LG: Absolutely. Shifting gears a little bit: Many of the essays in Good Things explore the new (and awful-sounding) world of contemporary dating. Your essay “Sex Is Good for Your Complexion, but I’d Rather Have Acne” introduced me to the concept of the Sex Date and the subtle (and unsubtle) ways dating culture shapes women’s expectations about sex and intimacy. Can you speak more to this theme, which recurs in the book?

RF: Sure. I have been on a lot of dates in the last ten years. An interesting thing about dating in the modern age is that it’s mostly done online. It’s pretty difficult.

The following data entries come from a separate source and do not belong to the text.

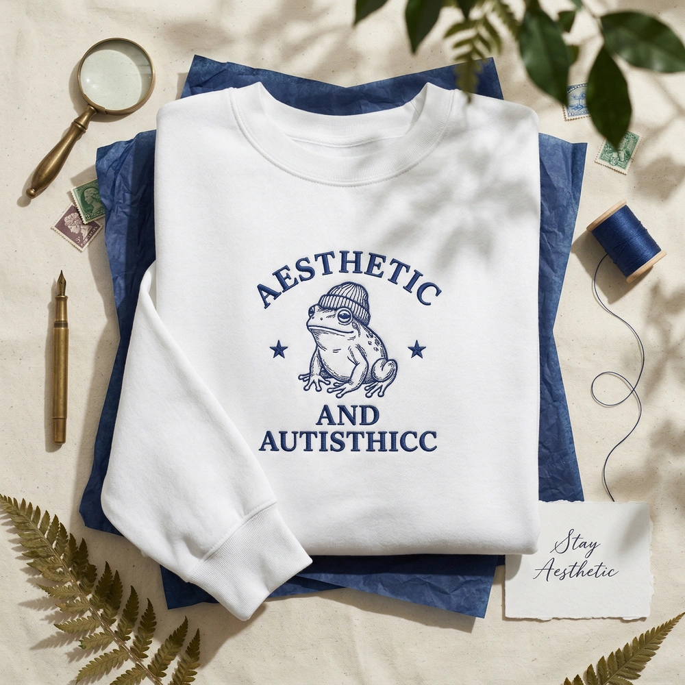 The Aesthetic and Autisthicc Embroidered Sweatshirt is a premium garment featuring a vintage-style frog in a winter beanie with navy blue stitching.
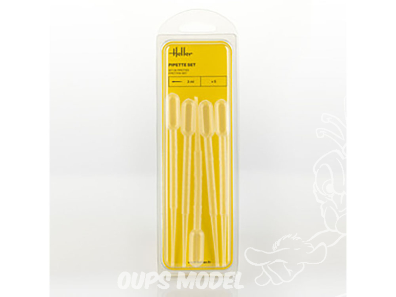 Set de cinq pipettes de 2ml, parfaites pour l'application précise de peintures et de diluants. Les pipettes sont graduées en millilitres pour un dosage précis.
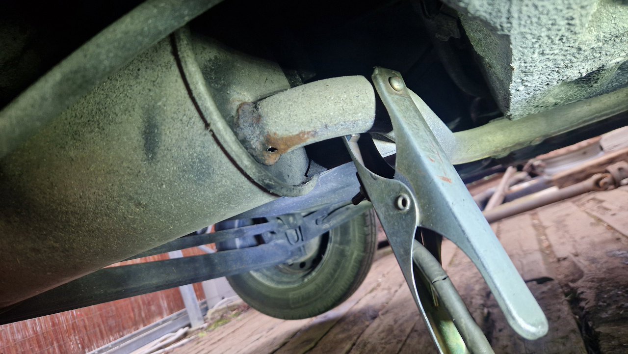 Oczywiście wymaga grubszego przeglądu, bo trochę stał, no i ma w końcu te 39 lat i sporo części jest jeszcze oryginalnych fabrycznych. Na początek zaspawałem dziurę w wydechu. Reszta wydechu jest prawie jak nowa.
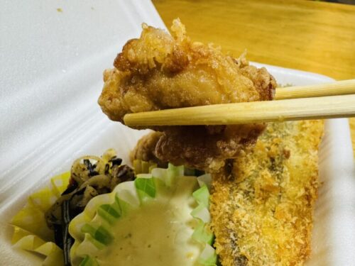 そしてこちらの唐揚げは、冷めても美味しいをモットーに、漬け込みをしない唐揚げだそう。ご飯もすすんでしまう大人から子供まで大喜びのお弁当です。
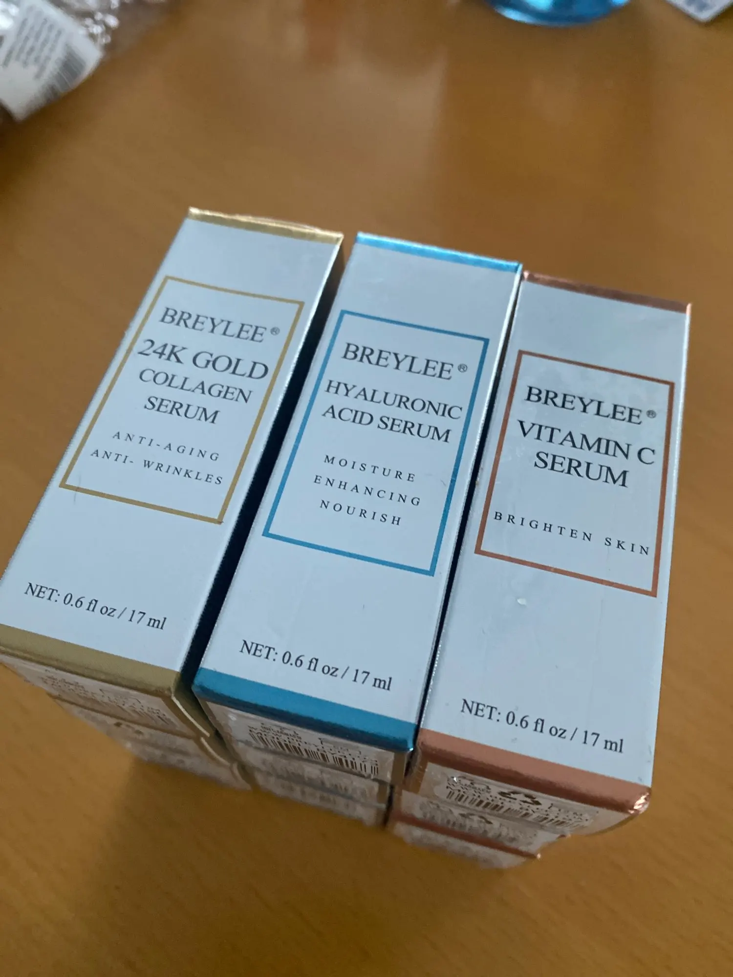 Заказ шёл полтора месяца, очень долго, не отслеживался. Упаковка солидная, не стыдно и в подарок заказать. Пока из трех сывороток испробовала только золотую. Ощущения приятные: сыворотка не жирная, не липкая, впиталась быстро. Крем поверх наносить уже не хочется. Минус - золотинки на лице остаются))

My therapist has said repeatedly that I would have done better in Victorian times when you’d just marry your neighbor or cousin. I think that my friends and I have talked a lot about online dating and how difficult it is and how pressured it feels. You don’t really have time to get to know somebody. Then there’s also this added pressure of feeling like you’re not putting your best foot forward or you’re not trying hard enough. You know, women need to settle, women need to not think so highly of themselves, women need to find somebody before they expire, right?

This is a very pressured system, I think, that has evolved in online dating, especially in a major city where we’re trying to also figure out our careers and what we want. Maybe we’re not supposed to think so much about what we want and maybe our careers aren’t so important. There’s this weird balance that single women, especially in their twenties, have to sort of play with. I think this has been something that has plagued me for a very long time. I lie awake at night being like, “I’m going to die alone, and this is how it’s going to be.” I don’t think I’m the only one who thinks that but, I wanted to write a little bit about how much it sucks to try and date these online strangers. I’m sure it goes the other way, too, for men seeking women. They have their own sets of dating problems. I hear it from my guy friends all the time.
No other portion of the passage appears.